>>>

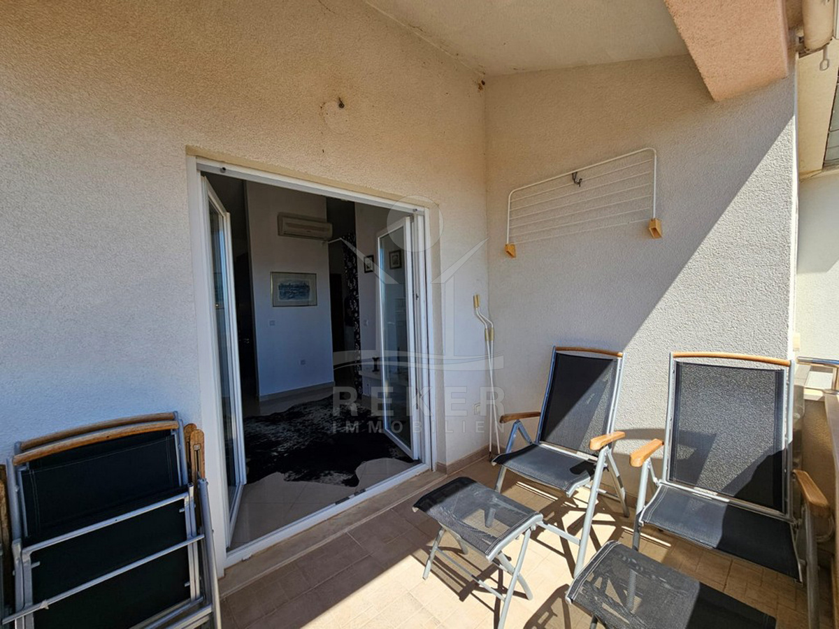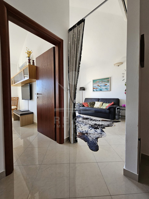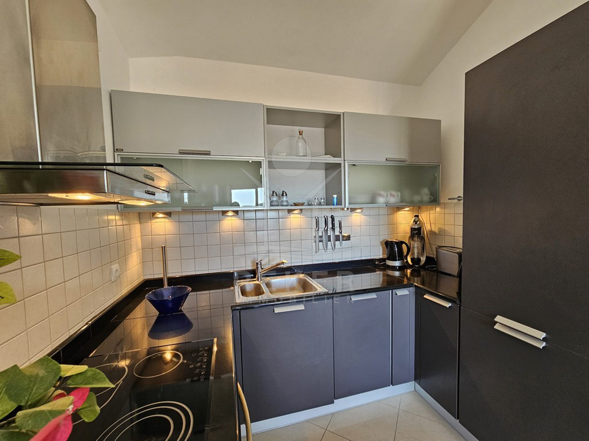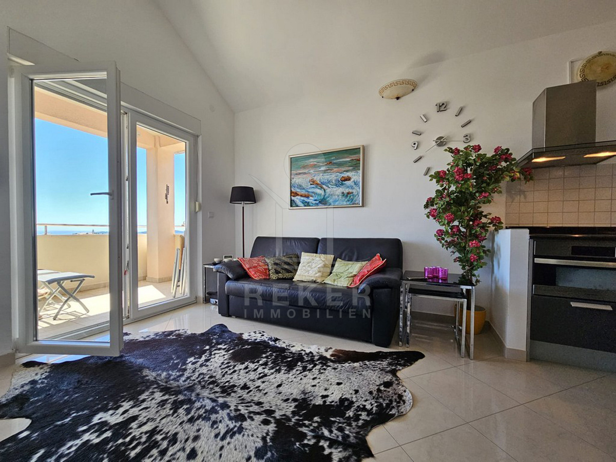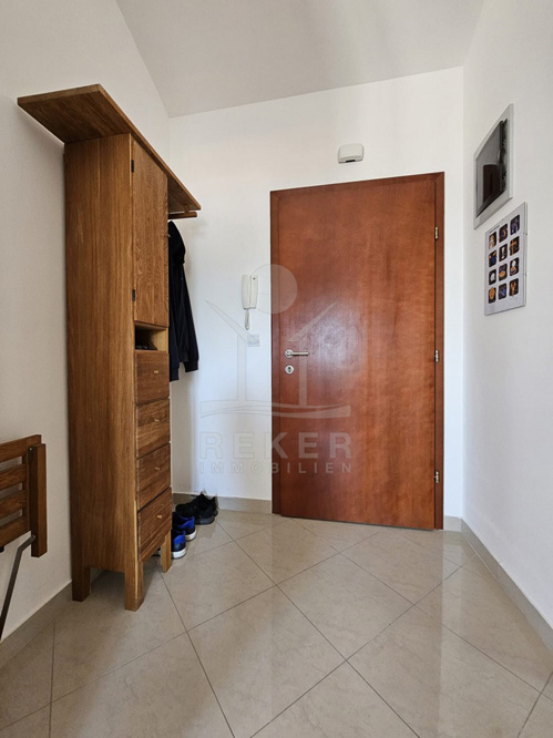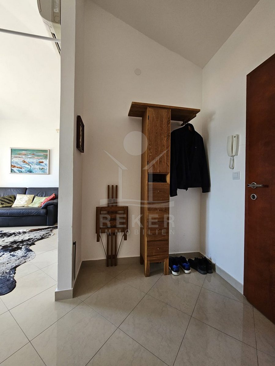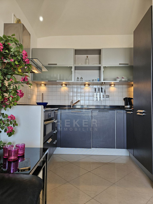 Die Wohnung bietet 44,04 m² Nutzfläche mit klarer Aufteilung. Sie präsentiert sich sehr gepflegt und geschmackvoll eingerichtet. Der Flur führt Sie in das Schlafzimmer, in das Badezimmer sowie in die Küche mit Ess- und Wohnbereich. Von hier aus betreten Sie die ca. 7 m² große Loggia, ein Platz mit beeindruckendem Panorama über Meer und Inseln. Gerade in den Abendstunden zeigt sich hier die besondere Qualität dieser Einheit. Für angenehme Temperaturen sorgt eine Klimaanlage, die auch die Beheizung übernimmt.
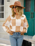 Women's Checkerboard Plaid Crewneck Long Sleeve Sweater
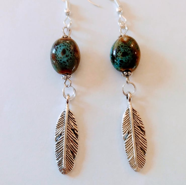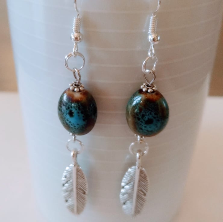 Has a beautiful patina effect design and vintage flair. Featuring a silver metal leaf dangle charm. Silver plated ear wires,
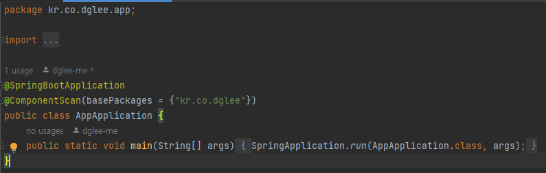 차후, user 말고도 admin, board, etc...가 추가될 수 있으니 @ComponentScan의 pakcage를 kr.co.dglee로 시작하는 모든 패키지를 검색할 수 있도록 설정해줍니다.

<<<

#### [WORK ORDER]
Every line from the one containing "Women's Checkerboard Plaid" through the end of the listing is to be copied exactly; the pictures are not.

#### [YOUR RESPONSE]
 Women's Checkerboard Plaid Crewneck Long Sleeve Sweater
 Has a beautiful patina effect design and vintage flair. Featuring a silver metal leaf dangle charm. Silver plated ear wires,
 차후, user 말고도 admin, board, etc...가 추가될 수 있으니 @ComponentScan의 pakcage를 kr.co.dglee로 시작하는 모든 패키지를 검색할 수 있도록 설정해줍니다.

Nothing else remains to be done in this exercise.